Среди написанного до эмиграции у Чирикова, помимо «Волжских сказок», были и другие любимые вещи. Такими, несомненно, являлись его романы — «Юность» (1911), «Изгнание» (1913), «Возвращение» (1914) — вместе с последней частью «Семья» (1924), написанной в эмиграции, составившие тетралогию «Жизнь Тарханова». «Юность» возвращала писателя в годы его молодости, в Казань, к университетским товарищам. Работая над этим романом, он ликовал: «Пишется, как никогда»[28]. И бесконечно радовался, когда удалось вернуться к написанию продолжения: «<…> в „Вестнике Европы“ кончился мой роман „Изгнание“. Теперь сяду за <…> „Возвращение“. Приятно писать длинное. Очень уж свыкаешься со своими героями: как родные![29]» В том времени для Чирикова сосредоточилось все: чистота, очарование, ясность мыслей, пылкость характера, определенность жизненных целей, душевные силы, чтобы работать над их достижением. Рисуя молодость своего героя Геннадия Тарханова, он, конечно, представлял себя: волосы до плеч, очки, одеяло на плечах вместо пледа, под мышкой всегда книги «социального характера».

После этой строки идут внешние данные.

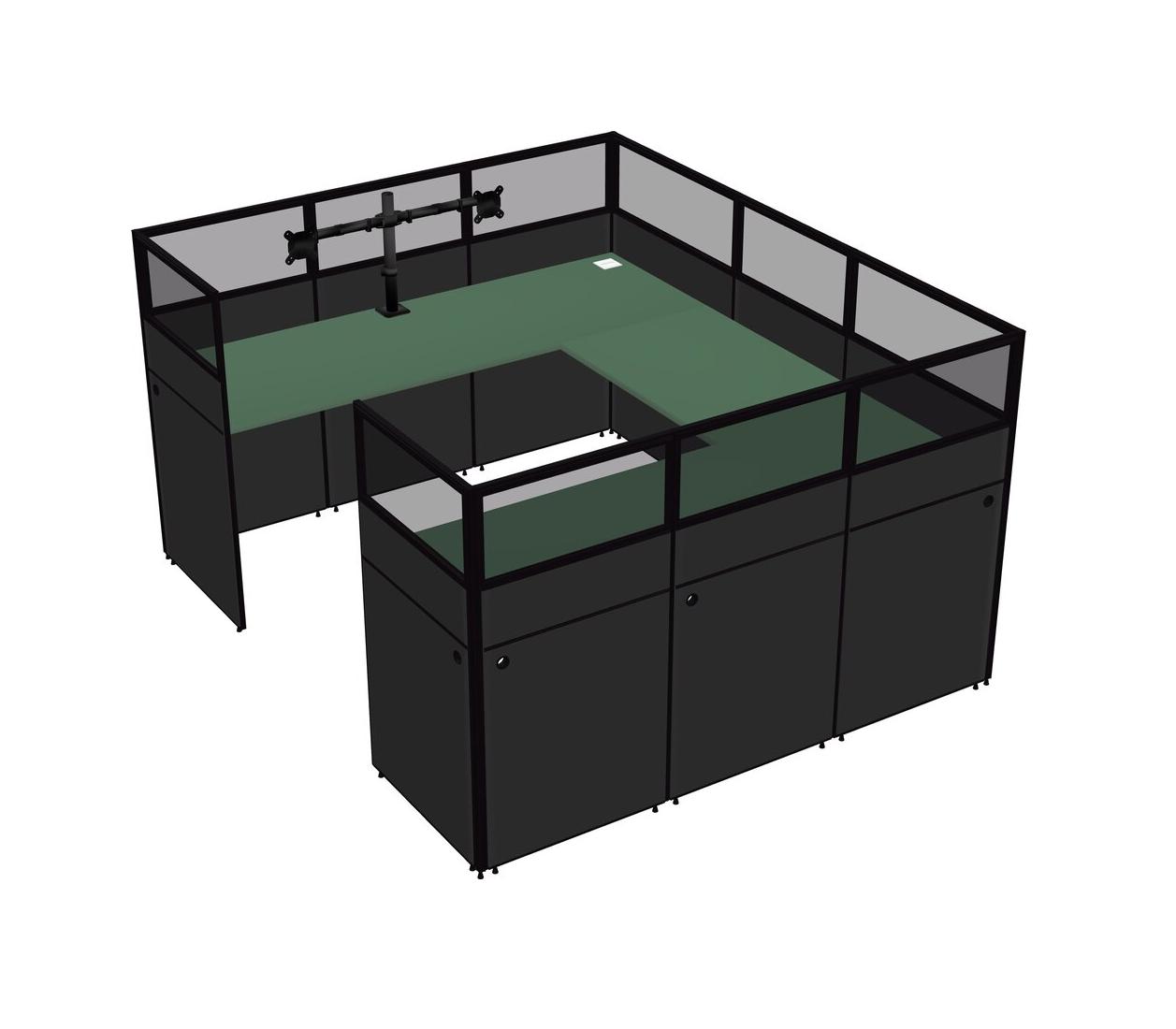 Green U-shaped Panel System For 1 Person + Monitor Arm (double Arms) For 1 User(s)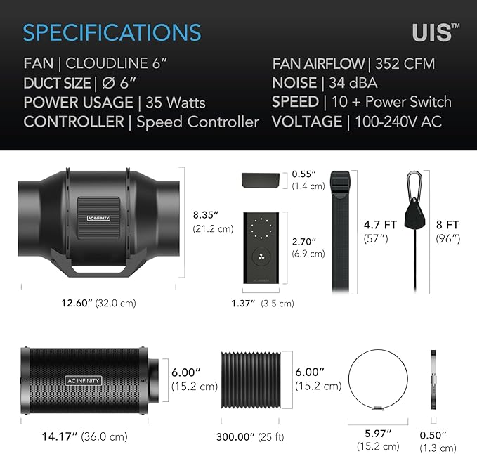- Features the CLOUDLINE inline fan with speed controller, delivering silent and efficient performance.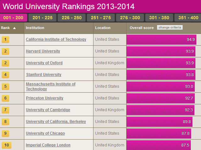 Лидером рейтинга уже третий год является Калифорнийский технологический институт. Гарвардский университет (США) занял второе место, поднявшись с четвертого, и разделил его с британским Оксфордским университетом. Стенфордский университет (США) опустился с общего второго на четвертое место, а американский Массачусетский технологический институт занял пятое место. Соединенные Штаты сохраняют лидерство в рейтинге, американские вузы занимают семь из десяти верхних позиций.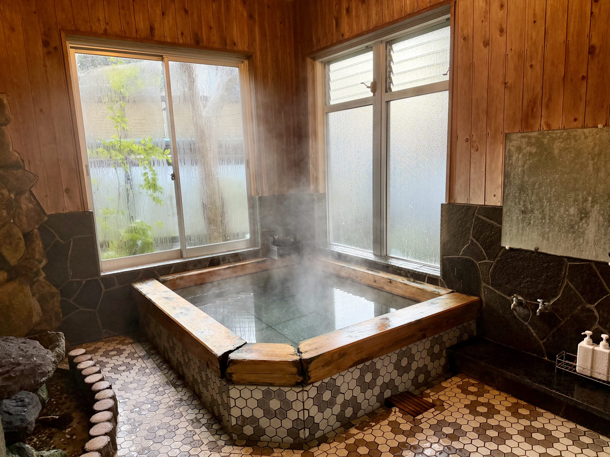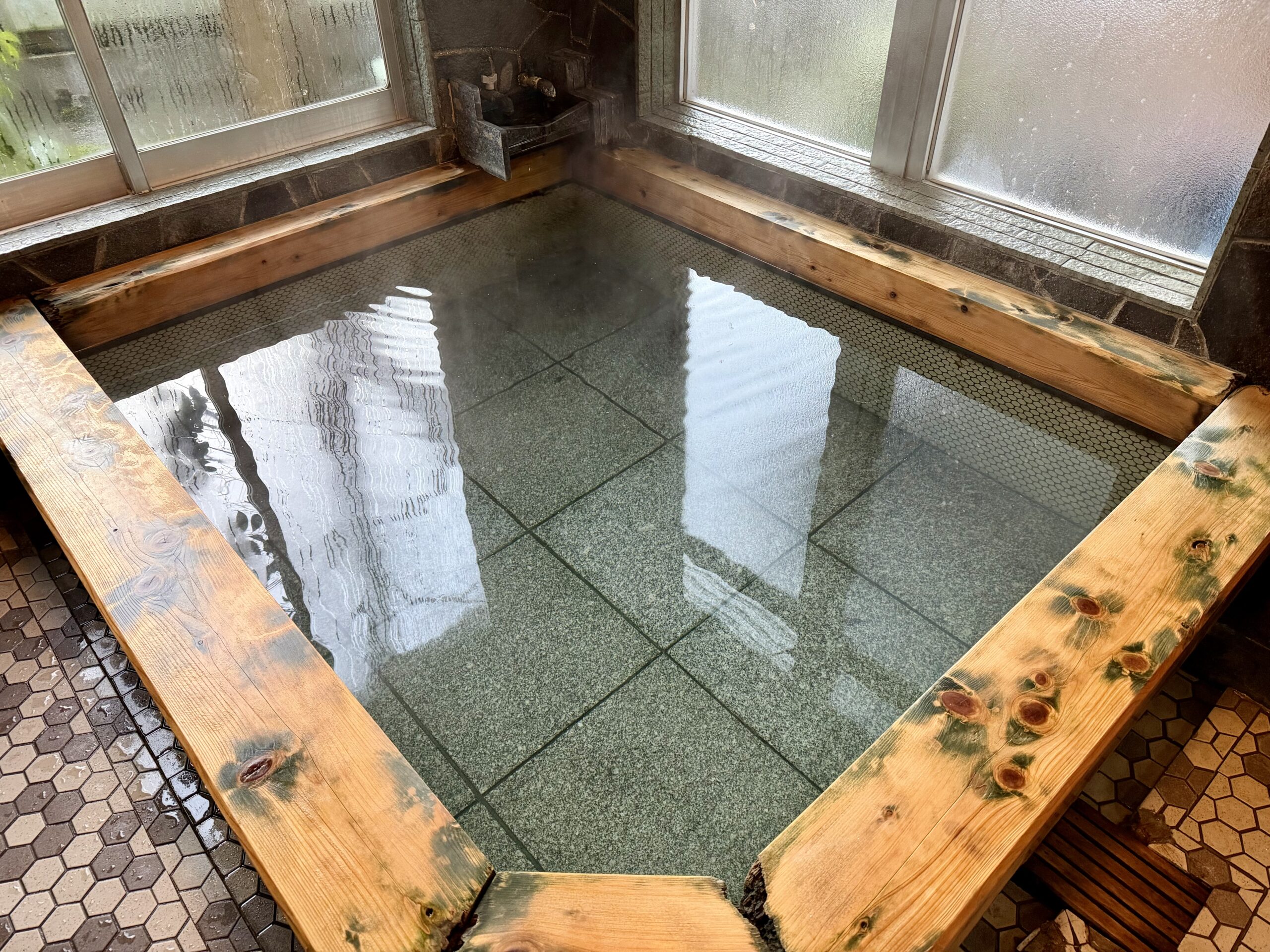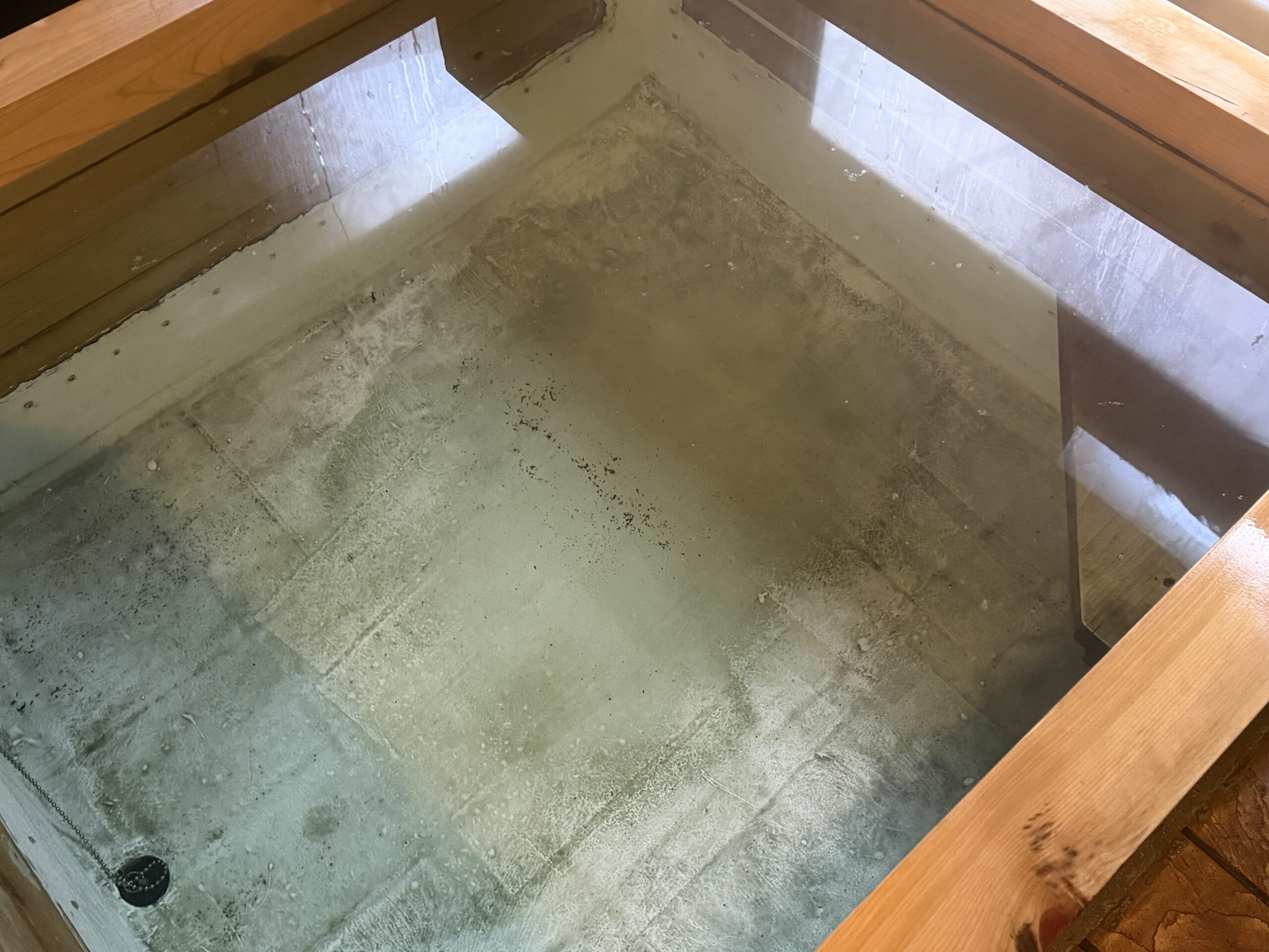 pH 9.1のアルカリ性。ぬるぬるの湯感触で、泡付きがすごい。加温の行程で泡を含むのか、新鮮だからなのか分からないけど、とにかくすごいあわあわ。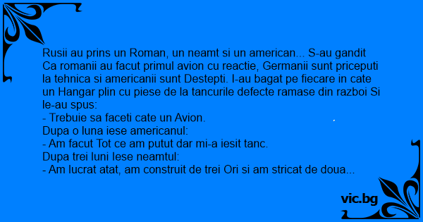 Rusii au prins un Roman, un neamt si un american... S-au gandit Ca romanii au facut primul avion cu reactie, Germanii sunt priceputi la tehnica si americanii sunt Destepti. I-au bagat pe fiecare in cate un Hangar plin cu piese de la tancurile defecte ramase din razboi Si le-au spus:

Чирикова нередко упрекали за то, что воспроизводимые им картины жизни лишены подлинности лирических переживаний и представлений, что он отражает только расхожее и типичное. Особенно в этом плане негодовали модернисты, считавшие, что Чириков и его собратья-реалисты не справляются со «страшными, ответственными» темами, которые поднимают в своем творчестве: эти темы их «сокрушают», «они в роковых переживаниях не способны усмотреть те тайны человеческой души, в которые еще не заглянул никто»[30]. Но, может быть, в этом и заключалась особая миссия этого писателя: дать ту, подернутую дымкой, теряющуюся вдали картину ушедших навсегда дней, которая была бы близка и знакома всем, а о событиях этого времени нельзя было бы точно сказать, пригрезились ли они, или были просто прочитаны в давно затерявшейся книжке. И сам Чириков воспринимал себя главным образом как писателя, «написавшего много о юности с ее грустной радостью и радостной грустью, с первыми чистыми порывами любви, полными ароматной тайны, так напоминающей белоснежный грустный ландыш в тихом таинственном сумраке родного леса <…>, такой прекрасный и такой хрупкий цветок <…>»[31], упорно продолжая и в эмиграции рисовать «расцвет чувств в юном существе, доверчиво вступающем в жизнь». Обладая сам «душой чистой, поэтически настроенной и предрасположенной к широкому восприятию всего того, что есть в жизни светлого, чистого, прекрасного», писатель создавал «образы чистых юношей и девушек „на заре туманной юности“, на „утре бытия“, пока гроза жизненных будней еще не загрязнила их души, не охладила чистых ее порывов»[32].
24
Любопытно привести его высказывания по этому поводу: «у нас воскресает опять реализм, идет насмарку всякая декадентщина»; «был на вечере у Сологуба и чуть не издох от тоски! Там собрались реформаторы театра и жевали все пережеванное до двух часов ночи» (РГАЛИ. Ф. 1117. Оп. 1. Ед. хр. 63. Л. 17. Письмо С. А. Найденову, не датировано).
25
Чириков Е. Волжские сказки. С. 70.
26
Там же. С. 307.
27
Кизеветтер А. Памяти Е. Н. Чирикова (газетная вырезка). Сообщение Дома-музея М. И. Цветаевой в Москве. Архив русского зарубежья. Фонд Е. Ф. Максимовича КП-1031.
28
РГАЛИ. Ф. 1117. Оп. 1. Ед. хр. 63. Л. 2. Письмо С. А. Найденову (не датировано).
29
РГАЛИ. Ф. 246. Оп. 1. Ед. хр. 144. Письмо И. М. Касаткину (не датировано).
30
Гофман В. Сборники товарищества «Знание». 1908. Кн. XX // Весы, 1908. № 4. С. 49, 50. Ср. также: Ганжулевич Г. За чертой индивидуализма. III. Е. Чириков // Наука и жизнь, 1905. № 9. Стб. 105–128.
31
Чириков Е. Девичьи слезы. Париж, 1927. С. 7.
32
Кизеветтер А. Указ. соч.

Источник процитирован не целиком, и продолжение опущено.